Items listed in a dataset:
--*--

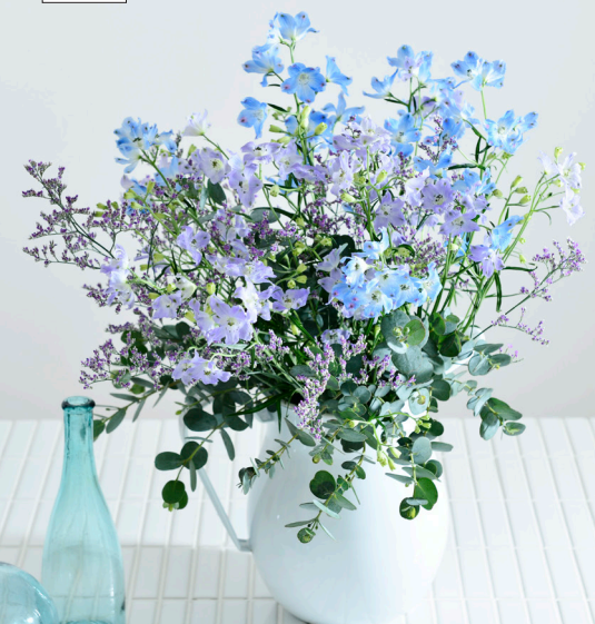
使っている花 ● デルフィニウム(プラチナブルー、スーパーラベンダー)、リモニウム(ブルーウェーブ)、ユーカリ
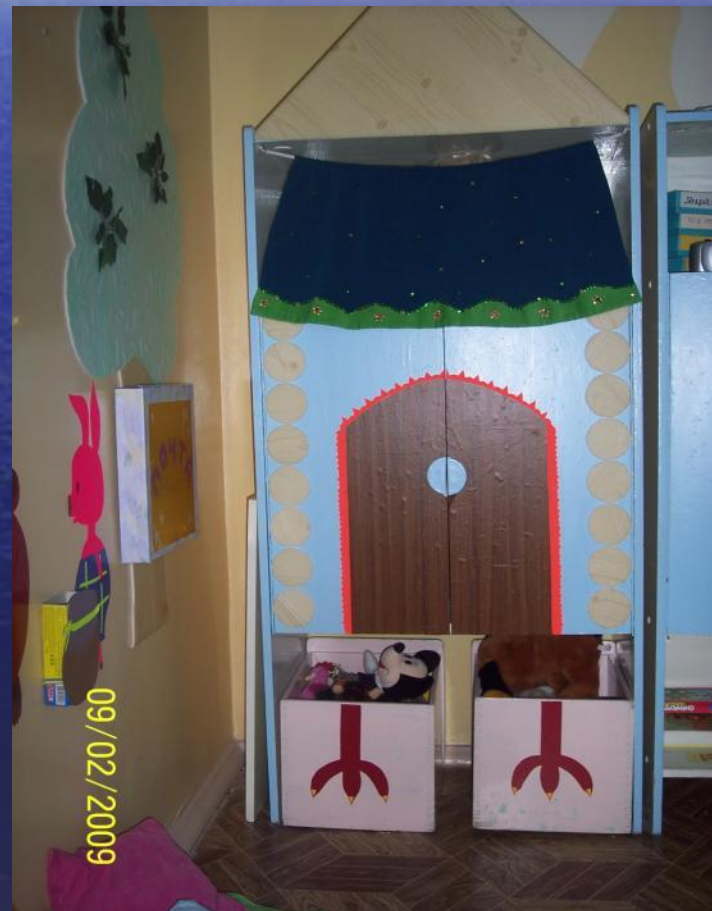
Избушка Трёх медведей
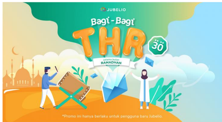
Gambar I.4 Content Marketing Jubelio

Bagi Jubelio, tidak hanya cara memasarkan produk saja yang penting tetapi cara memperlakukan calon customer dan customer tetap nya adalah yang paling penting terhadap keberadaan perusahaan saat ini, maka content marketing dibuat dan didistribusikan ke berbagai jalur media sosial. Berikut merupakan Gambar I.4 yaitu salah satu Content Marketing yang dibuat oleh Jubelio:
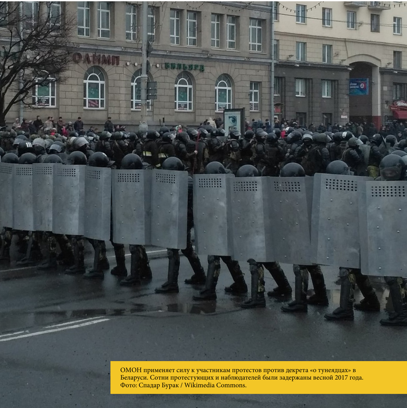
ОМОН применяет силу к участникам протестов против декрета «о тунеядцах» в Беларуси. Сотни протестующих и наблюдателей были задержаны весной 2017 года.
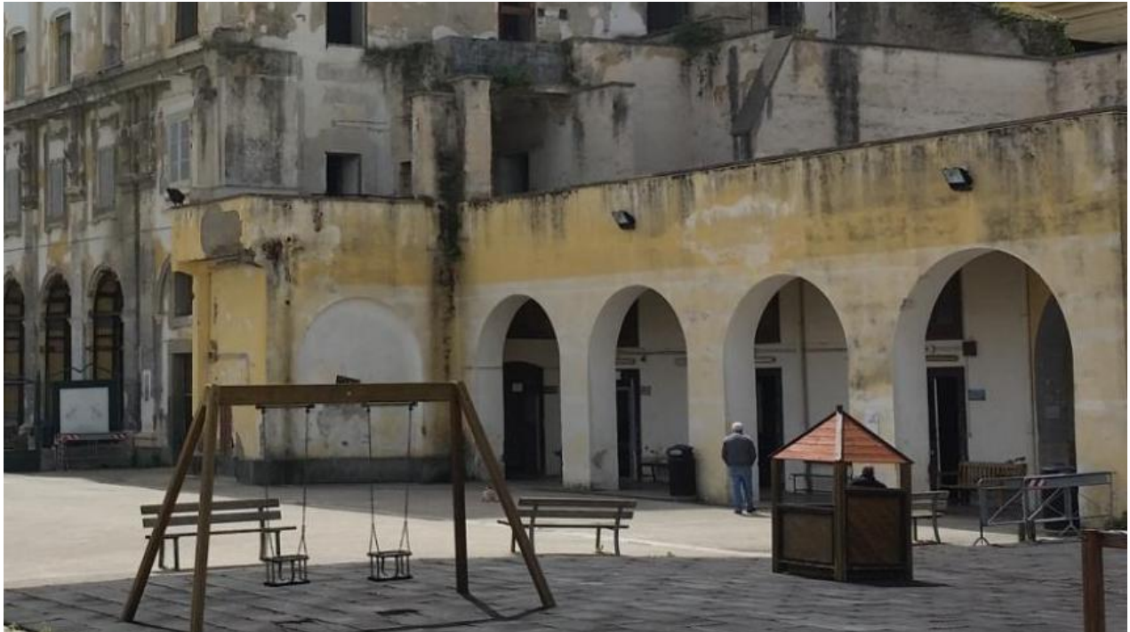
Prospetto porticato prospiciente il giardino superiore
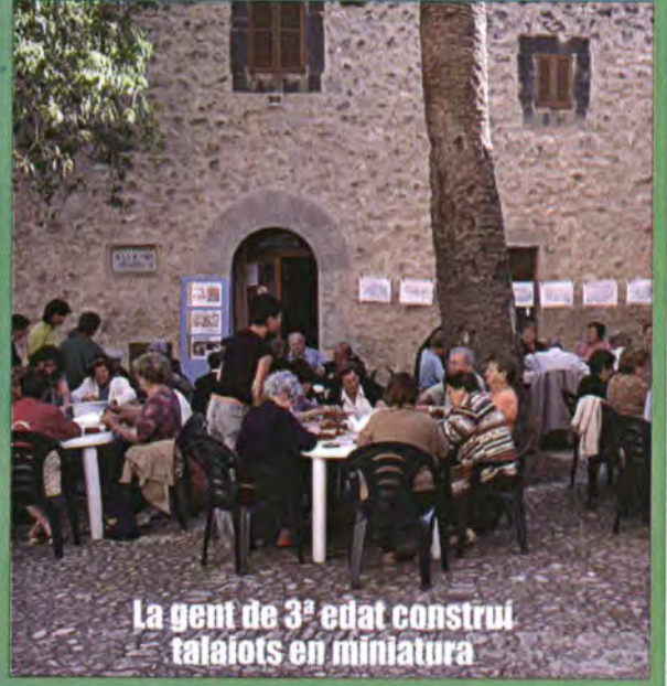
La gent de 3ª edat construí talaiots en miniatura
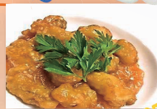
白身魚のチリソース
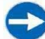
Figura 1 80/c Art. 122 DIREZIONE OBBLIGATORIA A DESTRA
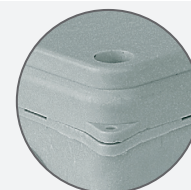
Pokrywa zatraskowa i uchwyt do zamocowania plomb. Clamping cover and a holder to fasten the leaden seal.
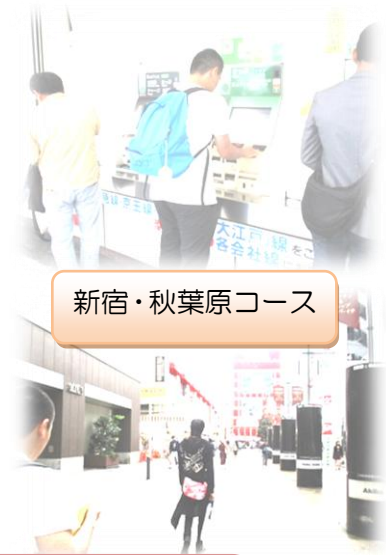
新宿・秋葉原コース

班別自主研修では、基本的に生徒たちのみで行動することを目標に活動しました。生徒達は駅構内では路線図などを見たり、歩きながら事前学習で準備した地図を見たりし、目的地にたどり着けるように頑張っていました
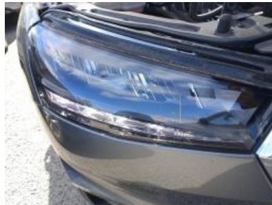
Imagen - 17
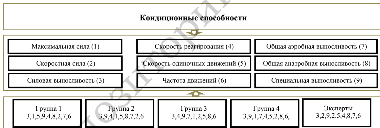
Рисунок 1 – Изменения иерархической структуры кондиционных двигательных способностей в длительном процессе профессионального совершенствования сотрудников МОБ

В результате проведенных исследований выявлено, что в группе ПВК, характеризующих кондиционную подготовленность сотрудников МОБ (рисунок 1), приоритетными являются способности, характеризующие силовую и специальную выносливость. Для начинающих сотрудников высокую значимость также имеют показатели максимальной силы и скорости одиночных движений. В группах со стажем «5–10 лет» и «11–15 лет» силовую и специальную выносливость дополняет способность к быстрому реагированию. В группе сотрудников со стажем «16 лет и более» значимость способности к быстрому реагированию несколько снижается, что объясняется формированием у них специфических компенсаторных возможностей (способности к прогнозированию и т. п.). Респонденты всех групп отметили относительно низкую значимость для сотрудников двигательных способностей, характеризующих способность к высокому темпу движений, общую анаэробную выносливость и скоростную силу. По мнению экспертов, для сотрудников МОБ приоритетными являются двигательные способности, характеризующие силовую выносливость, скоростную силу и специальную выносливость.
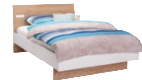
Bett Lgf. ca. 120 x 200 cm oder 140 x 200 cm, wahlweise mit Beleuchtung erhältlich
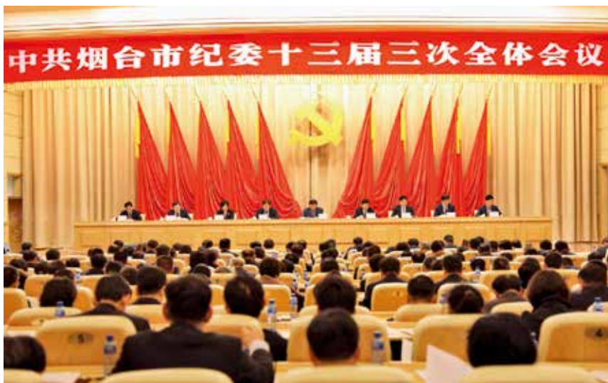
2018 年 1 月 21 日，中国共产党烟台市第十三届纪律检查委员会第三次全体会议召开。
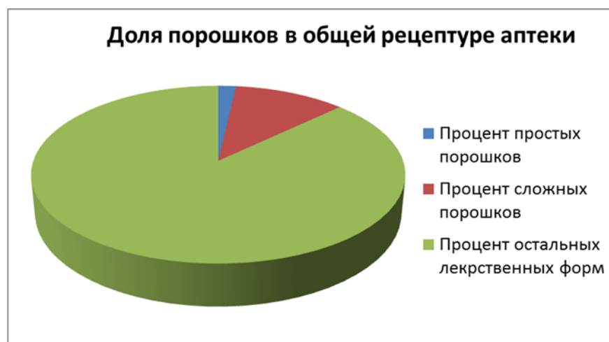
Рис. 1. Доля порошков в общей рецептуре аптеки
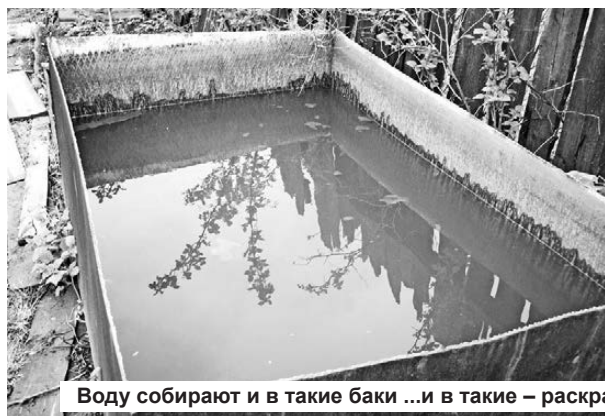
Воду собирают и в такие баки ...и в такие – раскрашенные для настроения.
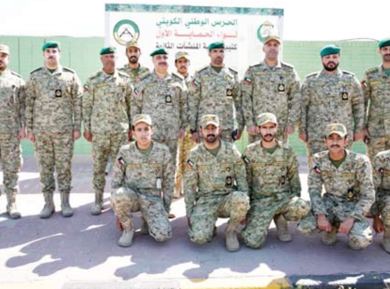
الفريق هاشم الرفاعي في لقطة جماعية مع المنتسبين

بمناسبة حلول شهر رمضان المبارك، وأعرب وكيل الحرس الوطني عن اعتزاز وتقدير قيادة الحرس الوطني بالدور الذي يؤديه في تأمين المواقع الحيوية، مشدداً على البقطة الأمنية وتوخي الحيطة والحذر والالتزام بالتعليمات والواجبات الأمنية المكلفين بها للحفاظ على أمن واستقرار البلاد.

--*--

Please repeat the entries exactly. Do not include the pictures.

使っている花 ● デルフィニウム(プラチナブルー、スーパーラベンダー)、リモニウム(ブルーウェーブ)、ユーカリ
Избушка Трёх медведей
Gambar I.4 Content Marketing Jubelio

Bagi Jubelio, tidak hanya cara memasarkan produk saja yang penting tetapi cara memperlakukan calon customer dan customer tetap nya adalah yang paling penting terhadap keberadaan perusahaan saat ini, maka content marketing dibuat dan didistribusikan ke berbagai jalur media sosial. Berikut merupakan Gambar I.4 yaitu salah satu Content Marketing yang dibuat oleh Jubelio:
ОМОН применяет силу к участникам протестов против декрета «о тунеядцах» в Беларуси. Сотни протестующих и наблюдателей были задержаны весной 2017 года.
Prospetto porticato prospiciente il giardino superiore
La gent de 3ª edat construí talaiots en miniatura
白身魚のチリソース
Figura 1 80/c Art. 122 DIREZIONE OBBLIGATORIA A DESTRA
Pokrywa zatraskowa i uchwyt do zamocowania plomb. Clamping cover and a holder to fasten the leaden seal.
新宿・秋葉原コース

班別自主研修では、基本的に生徒たちのみで行動することを目標に活動しました。生徒達は駅構内では路線図などを見たり、歩きながら事前学習で準備した地図を見たりし、目的地にたどり着けるように頑張っていました
Imagen - 17
Рисунок 1 – Изменения иерархической структуры кондиционных двигательных способностей в длительном процессе профессионального совершенствования сотрудников МОБ

В результате проведенных исследований выявлено, что в группе ПВК, характеризующих кондиционную подготовленность сотрудников МОБ (рисунок 1), приоритетными являются способности, характеризующие силовую и специальную выносливость. Для начинающих сотрудников высокую значимость также имеют показатели максимальной силы и скорости одиночных движений. В группах со стажем «5–10 лет» и «11–15 лет» силовую и специальную выносливость дополняет способность к быстрому реагированию. В группе сотрудников со стажем «16 лет и более» значимость способности к быстрому реагированию несколько снижается, что объясняется формированием у них специфических компенсаторных возможностей (способности к прогнозированию и т. п.). Респонденты всех групп отметили относительно низкую значимость для сотрудников двигательных способностей, характеризующих способность к высокому темпу движений, общую анаэробную выносливость и скоростную силу. По мнению экспертов, для сотрудников МОБ приоритетными являются двигательные способности, характеризующие силовую выносливость, скоростную силу и специальную выносливость.
Bett Lgf. ca. 120 x 200 cm oder 140 x 200 cm, wahlweise mit Beleuchtung erhältlich
2018 年 1 月 21 日，中国共产党烟台市第十三届纪律检查委员会第三次全体会议召开。
Рис. 1. Доля порошков в общей рецептуре аптеки
Воду собирают и в такие баки ...и в такие – раскрашенные для настроения.
الفريق هاشم الرفاعي في لقطة جماعية مع المنتسبين

بمناسبة حلول شهر رمضان المبارك، وأعرب وكيل الحرس الوطني عن اعتزاز وتقدير قيادة الحرس الوطني بالدور الذي يؤديه في تأمين المواقع الحيوية، مشدداً على البقطة الأمنية وتوخي الحيطة والحذر والالتزام بالتعليمات والواجبات الأمنية المكلفين بها للحفاظ على أمن واستقرار البلاد.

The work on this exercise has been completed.